> _Data segment_
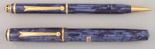 Questo determinato tipo di celluloide sembra essere stata apprezzata all'epoca , qui una serie di penne dell'immediato dopoguerra (il periodo è all'incirca quello della tua)
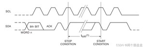 IIC传输的开始及结束如下图4所示,在SCL为高电平期间,SDA由高变低,即为start信号;在SCL为高电平期间,SDA信号由低变高,即为stop信号.
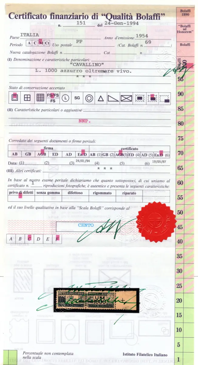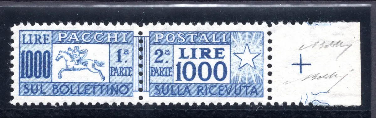 MNH - Vollgummi - - Postpakete Lire 1.000 Pferd Nr. 81/Das wunderschöne Exemplar b. von f. Linearverzahnung - sehr gute Qualität, gut zentriert - Selten in diesem Zustand - Zert. Bolaffi 100% Cod.473/182

> _To do_
Return all of the material exactly, without pictures.

> _Exercise answer_
 Questo determinato tipo di celluloide sembra essere stata apprezzata all'epoca , qui una serie di penne dell'immediato dopoguerra (il periodo è all'incirca quello della tua)
 IIC传输的开始及结束如下图4所示,在SCL为高电平期间,SDA由高变低,即为start信号;在SCL为高电平期间,SDA信号由低变高,即为stop信号.
 MNH - Vollgummi - - Postpakete Lire 1.000 Pferd Nr. 81/Das wunderschöne Exemplar b. von f. Linearverzahnung - sehr gute Qualität, gut zentriert - Selten in diesem Zustand - Zert. Bolaffi 100% Cod.473/182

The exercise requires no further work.